In the same way, airlines charge fees for travelers who want to reserve seats in “preferred” parts of the plane or even bring luggage on board. A number of Vegas hotels have turned the monetization of hotel services into an art form, offering customers the opportunity to “customize” their hotel experience with extra services that the uninitiated might think was part of the package that they were paying for as part of their reservation.

In the meantime, consider your pool time wisely.

Buyer Beware

Vegas casino resorts are using numerous techniques to monetize their guests’ travel experience. If you are a traveler who is willing to splurge on your Vegas vacation, read no further. But if you want to hold onto your cash for your casino gaming and other non-hotel expenses, watch out for some of the following techniques (and remember, you might not hear about them until you get your final bill, so check them out before you reserve and order various services:

  1. Resort Fees – Resort fees have become ubiquitous in Vegas and in some other parts of the world but unseasoned travelers are still surprised when they get their final bill. The resort fee is an extra feel that the hotel adds on to its advertised fee so the person making the booking doesn’t know that they will be charged until they receive their final bill.

    Once the guest has already arrived in Las Vegas there’s not much chance that s/he will walk away from the reservation since finding another place to stay isn’t easy (and other hotels likely have their own resort fees).  Resort fees don’t show up on the booking search engine or the hotel’s website where you find the room’s flat rate.

    But, once you arrive at the hotel, the resort fee is added to your total booking fee. The hotels justify the resort fees by saying that they are used to pay for “extras” – WiFi, the pool, even the coffee that’s served in the lobby.  Resort fees may only add up to a couple of dollars per night or much more. You can see if you’re being charged a resort fee by reading the fine print before you book.

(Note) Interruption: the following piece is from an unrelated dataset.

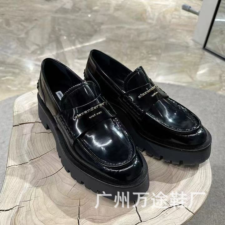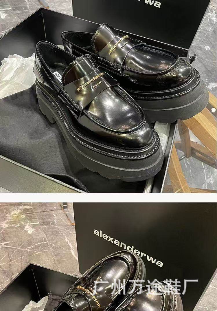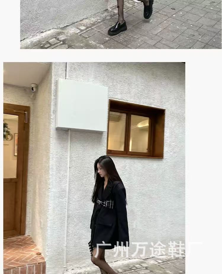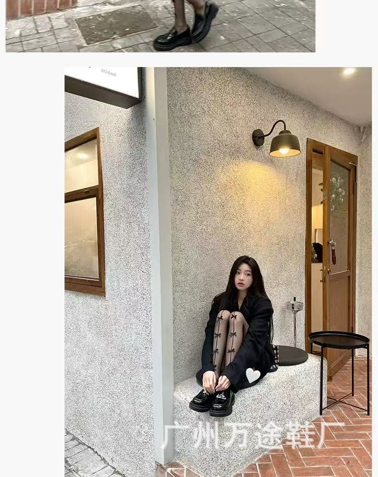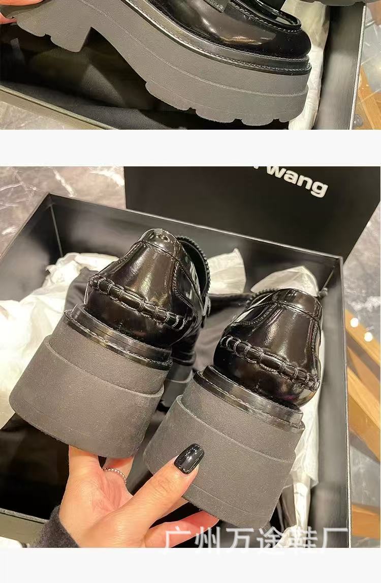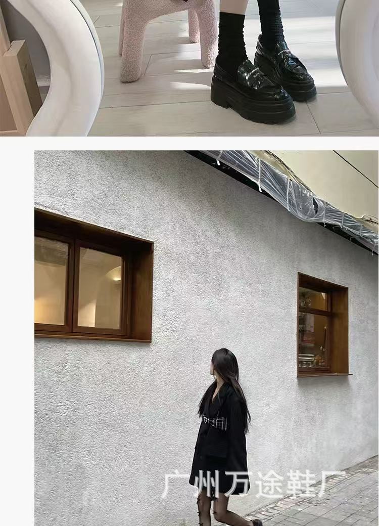 왕야옹과 같은 스타일의 여성용 두꺼운 밑창 로퍼, 영국 스타일 플랫폼 밑창 다용도 가죽 신발, 여성용 낮은 굽

  2. WiFi Fee – You would think that, in this day and age, wifi would be a standard amenity in every hotel but that’s not always the case. Some hotels offer “complementary” wifi but others, knowing that most guests check their devices frequently, charge up to $20 a night for Internet access.  If you expect WiFi access, don’t take it for granted that access will be included in the price.

  3. Parking – You’re supposed to drive into the hotel and park as part of your reservation, right? Not in Vegas. Almost all the big hotels in Vegas charge all guests an automatic parking fee – whether or not you park your car there or not!

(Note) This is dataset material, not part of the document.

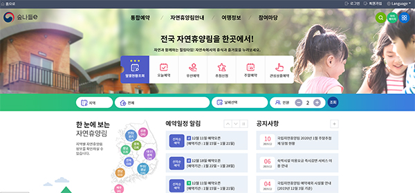 이를 해결하기 위해 2017년 산림청은 민간에서 운영하는 호텔예약 사이트에서 영감을 얻어 자연휴양림을 통합예약 할 수 있는 체계를 구상했다.

    Meaning, even if you take a cab from the airport, the hotel will charge you to park!  You can ask to have the charge removed if you don’t park but here again, you have to be on top of things to make sure that you safeguard your pocketbook.

  4. Coffee-Maker Fee – if you think that you’re saving money by making your own coffee in your room with the coffee-maker that’s sitting there, think again. Some hotels charge you a “coffee-maker” fee for using the coffee maker that they provide for your room! If you want to save some pennies, check out the nearby Starbucks.